The geneticist was one of the nicest doctors I’ve met so far during my cancer journey. He started by drawing a family tree with coloured circles for the instances of breast cancer and any other cancers in our family. Based on this, he said there is probably only a 20% chance that I carry one of the breast cancer genes, because my father’s side of the tree is clear of cancer and my mother and aunty have never had cancer. What makes it seem much more probable, however, is that my maternal grandma had breast cancer in her thirties, at a time in the 1960s when breast cancer in young women was even rarer than it is now. I feel instinctively that I have the gene, but I have been known to be wrong on occasion. :/

There was good news and bad news in what the geneticist told me. It is more likely that I have the BRCA2 gene than the BRCA1 gene, based on the type of breast cancer I had. (Grade III, oestrogen-receptor positive, HER2 negative). There are various differences between the two genes, but the positive takeaway for me was that BRCA2 means that it is less likely I will develop ovarian cancer at some point in my life than if I had BRCA1. Interestingly, he also said that BRCA2 gene carriers are much more responsive to chemotherapy.

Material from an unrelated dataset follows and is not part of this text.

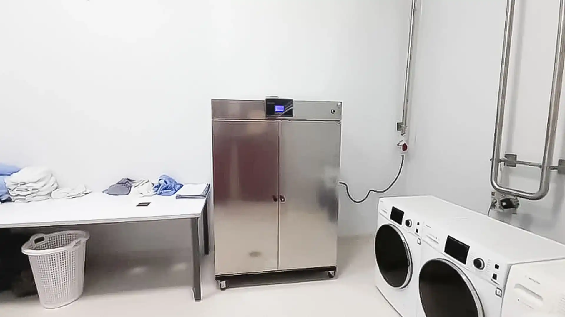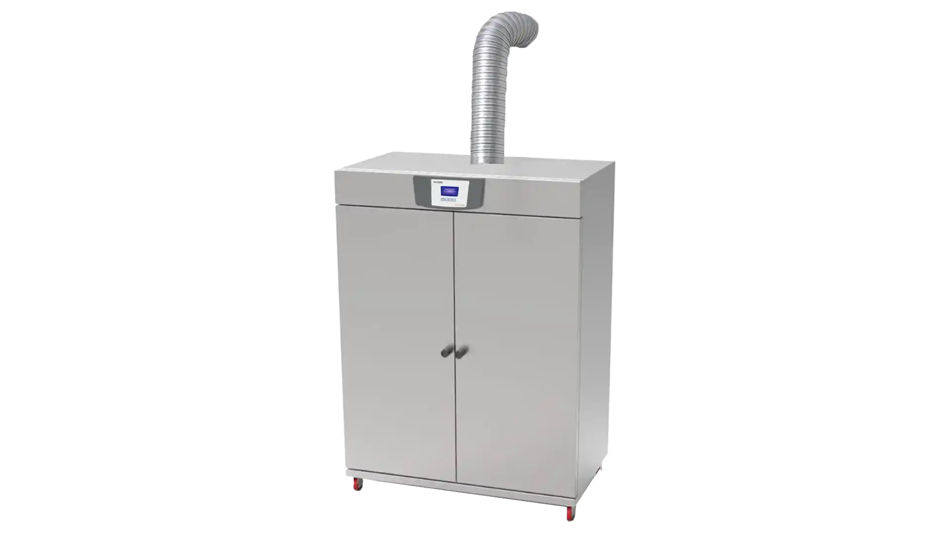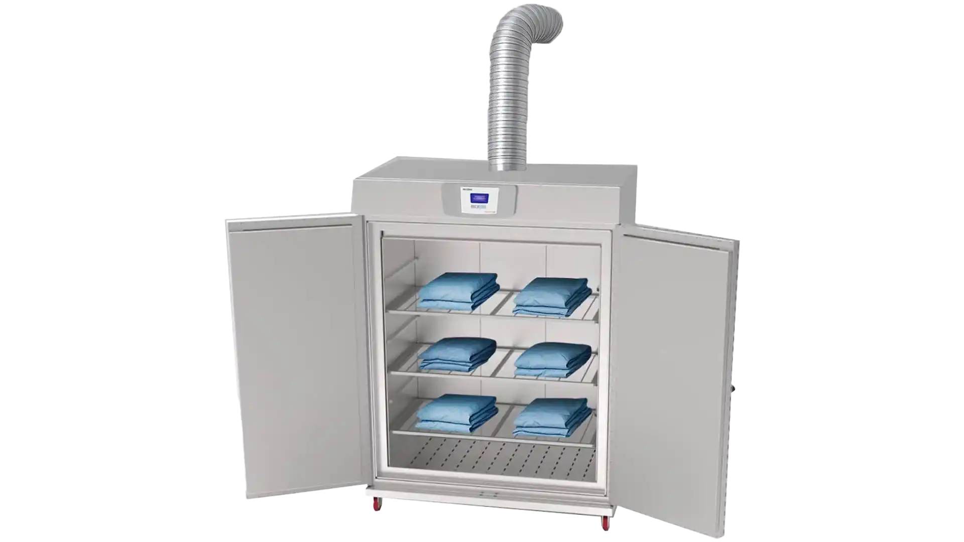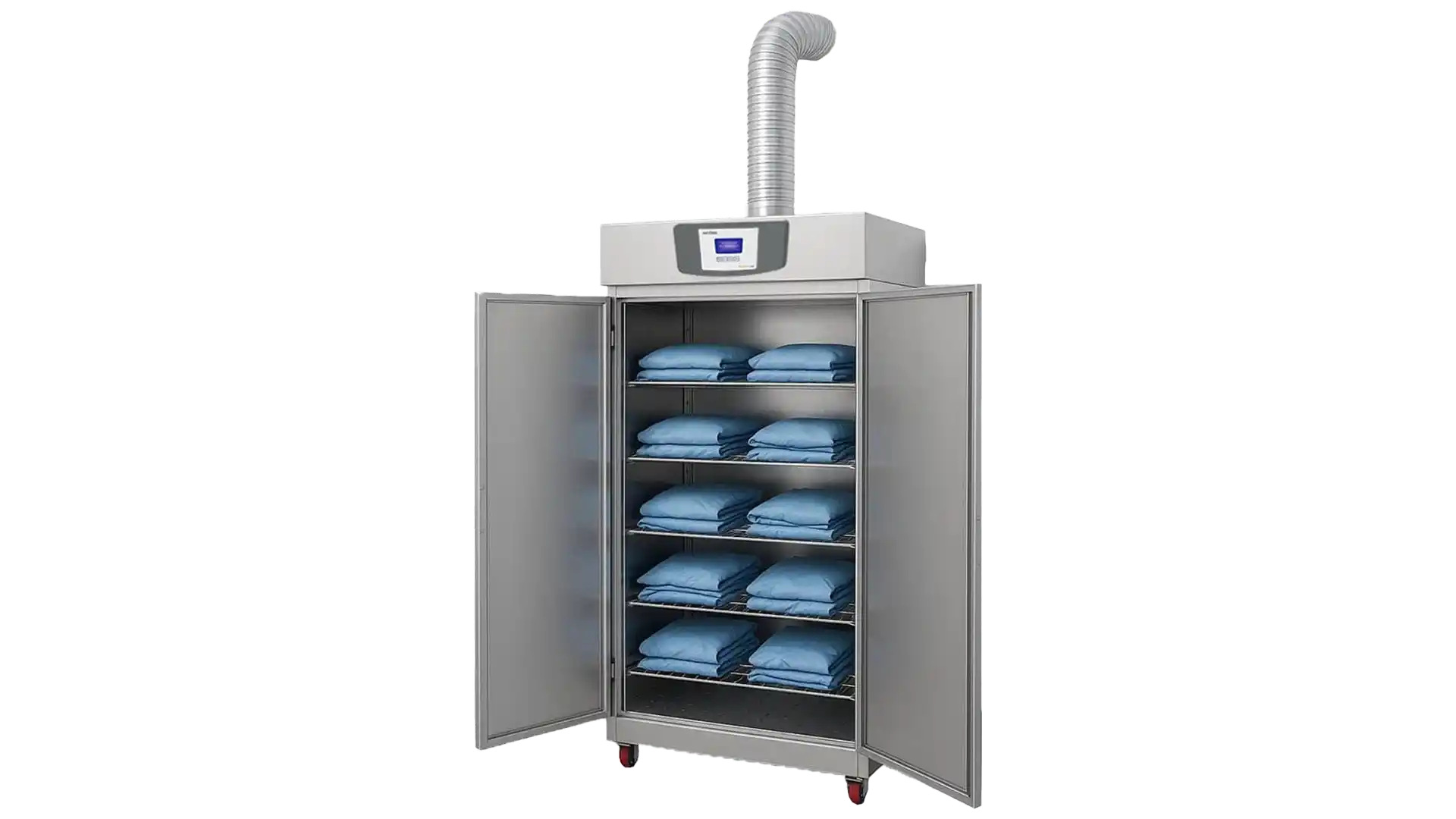 دمش هوای تازه و فیلتر شده توسط فن ها از قسمت کف محفظه به داخل و خروج هوا از یک دریچه یا کانال سقفی در سقف دستگاه باعث تسریع فرآیند خشک شدن البسه می گردد.
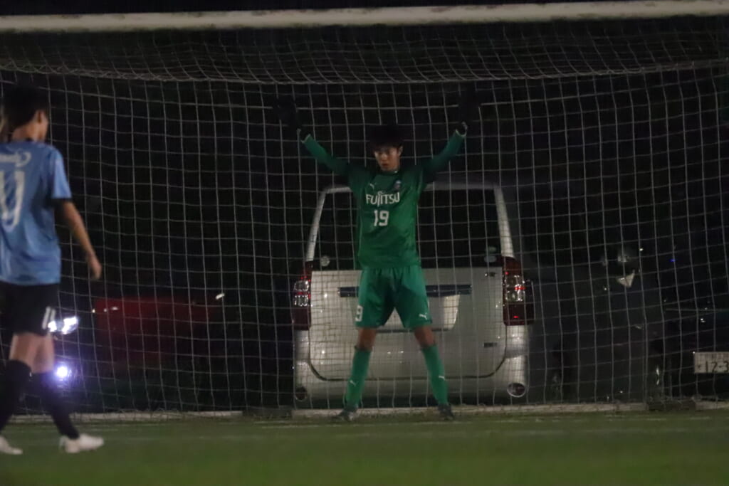 すると直後にはフロンターレ等々力、初音のパスに、左サイド、抜け出した笠原は左クロス。ヘディングで合わせたのは林。

The bad news is that, if I do test positive for BRCA2, I have a 60-80% chance of developing breast cancer again at some point in my life, compared with the 5% chance that most people have. I would also have an increased chance of developing ovarian cancer, but not until I’m over 40, so I could opt to have my ovaries removed in my 40s.

Double Mastectomy

The chemotherapy and radiotherapy I am having for my breast cancer will reduce the risk of developing another tumour in my left breast to about 30%, but unfortunately my right one would still have the 60-80% risk. Thus, the implication is that if I test positive for the BRCA2 gene, I will have to have a bilateral (i.e. both sides) mastectomy. I have already been thinking about this for a month or so and, although I never imagined I’d have to part with either of my boobs, I am fully prepared to have that operation and get some lovely new ones. It is, however, a huge operation that can involve a 6-month recovery period, but I’ll cross that bridge if and when I come to it.

The fertility specialist I spoke to a couple of months ago said that deciding to be tested for this gene was something many people wouldn’t want to do, but I made the decision pretty quickly that I absolutely want to know, so that I can take the appropriate risk-reduction measures and then get on with my life without the fear that I will develop a second breast cancer. (Note that this has nothing whatsoever to do with the likelihood of my current cancer recurring in a different part of my body at some point down the line – that is a separate matter, but I have been told that my programme of treatment gives me a 90% chance of being clear of recurrence for the next 10 years, which is a start).

As some of you may know, it is breast cancer awareness month in the UK (more of this in a later blog post) so I feel like breast cancer is absolutely everywhere I go at the moment – in every magazine and on lots of daytime TV talk shows, particularly! So I do at least feel that I am not alone. All I can do now is wait, but at least once I know whether I have the gene or not, I will then have the knowledge and power to act accordingly! Let’s just hope those lab doctors crack on with War and Peace and get me an answer ASAP.

In other news, I am feeling much better today. Returning to hospital yesterday for the appointment and test made me feel physically sick, but now, touch wood, I won’t have to go back for another two weeks and can concentrate on getting back to strength again. Time for some cooking therapy!